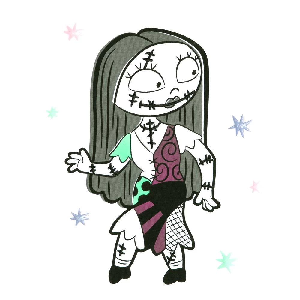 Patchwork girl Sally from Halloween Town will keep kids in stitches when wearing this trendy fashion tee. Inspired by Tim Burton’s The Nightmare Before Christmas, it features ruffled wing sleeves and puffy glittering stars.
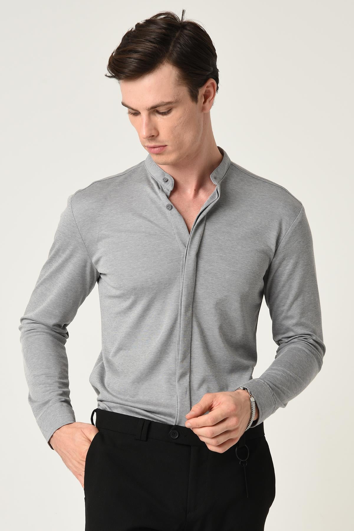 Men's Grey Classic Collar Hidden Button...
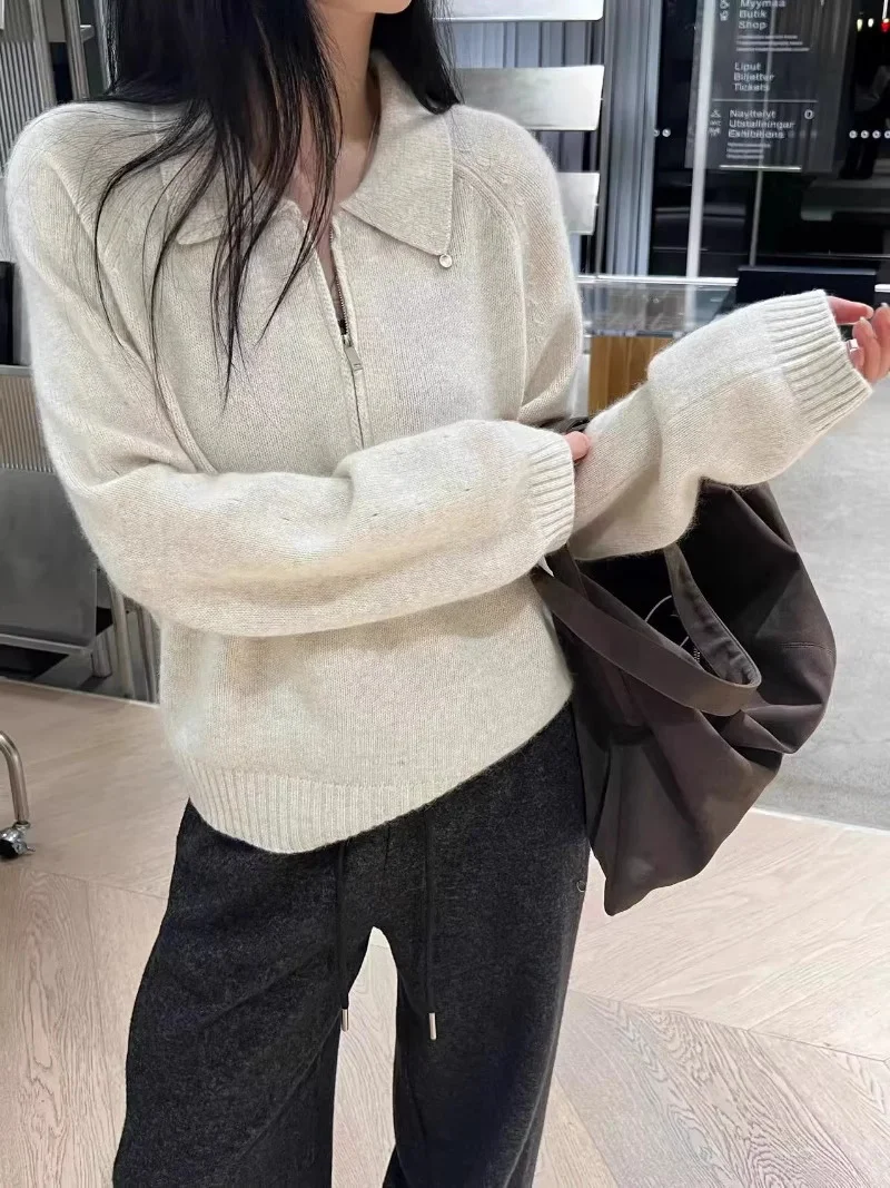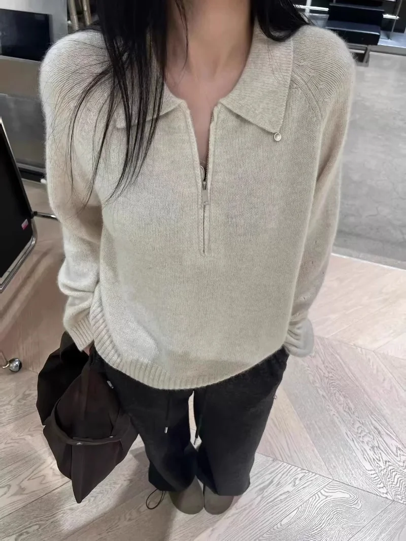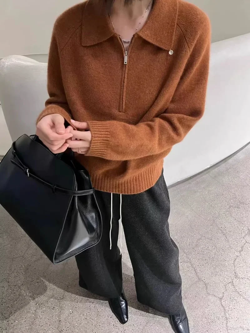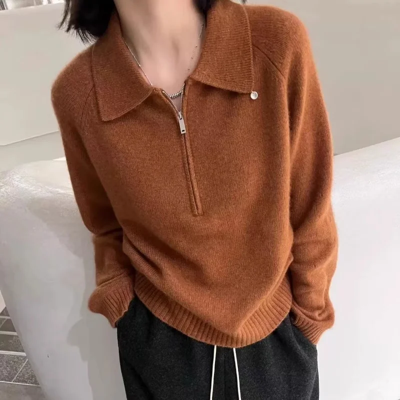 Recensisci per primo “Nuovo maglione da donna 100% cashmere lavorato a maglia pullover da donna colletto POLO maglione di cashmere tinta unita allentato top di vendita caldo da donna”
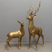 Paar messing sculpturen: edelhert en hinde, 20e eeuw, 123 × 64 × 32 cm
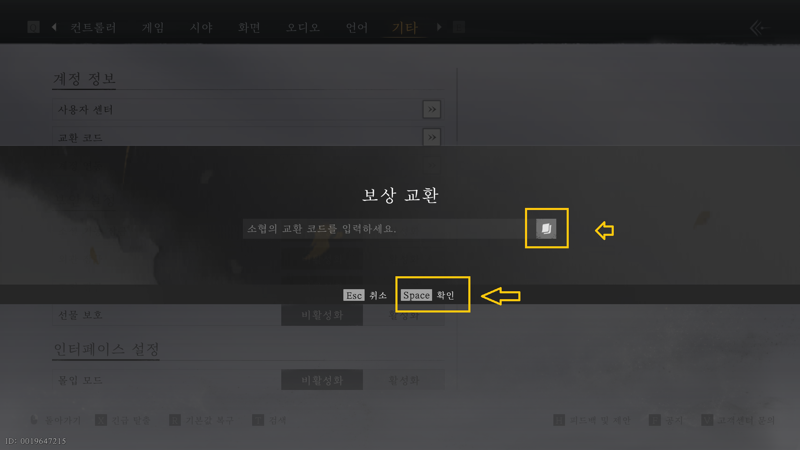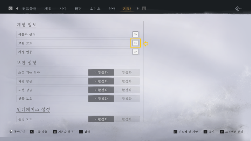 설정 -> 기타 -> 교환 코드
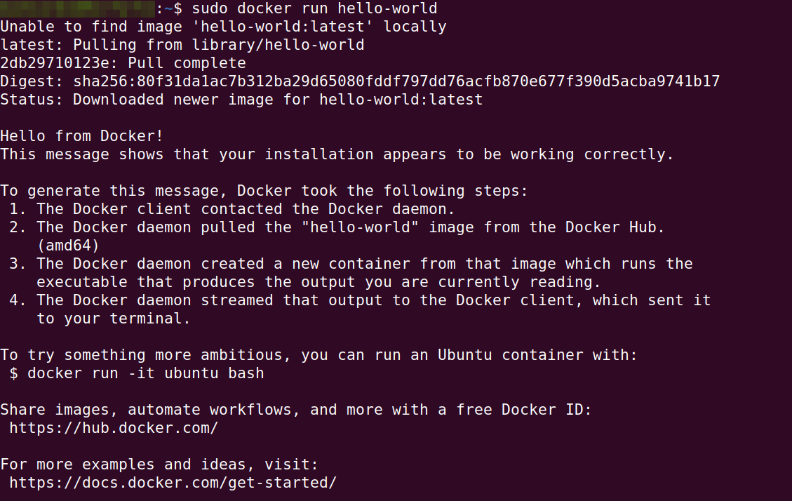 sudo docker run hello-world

━━━

### Your objective
Repeat the listing exactly, pictures excluded.

### Task result
 Patchwork girl Sally from Halloween Town will keep kids in stitches when wearing this trendy fashion tee. Inspired by Tim Burton’s The Nightmare Before Christmas, it features ruffled wing sleeves and puffy glittering stars.
 Men's Grey Classic Collar Hidden Button...
 Recensisci per primo “Nuovo maglione da donna 100% cashmere lavorato a maglia pullover da donna colletto POLO maglione di cashmere tinta unita allentato top di vendita caldo da donna”
 Paar messing sculpturen: edelhert en hinde, 20e eeuw, 123 × 64 × 32 cm
 설정 -> 기타 -> 교환 코드
 sudo docker run hello-world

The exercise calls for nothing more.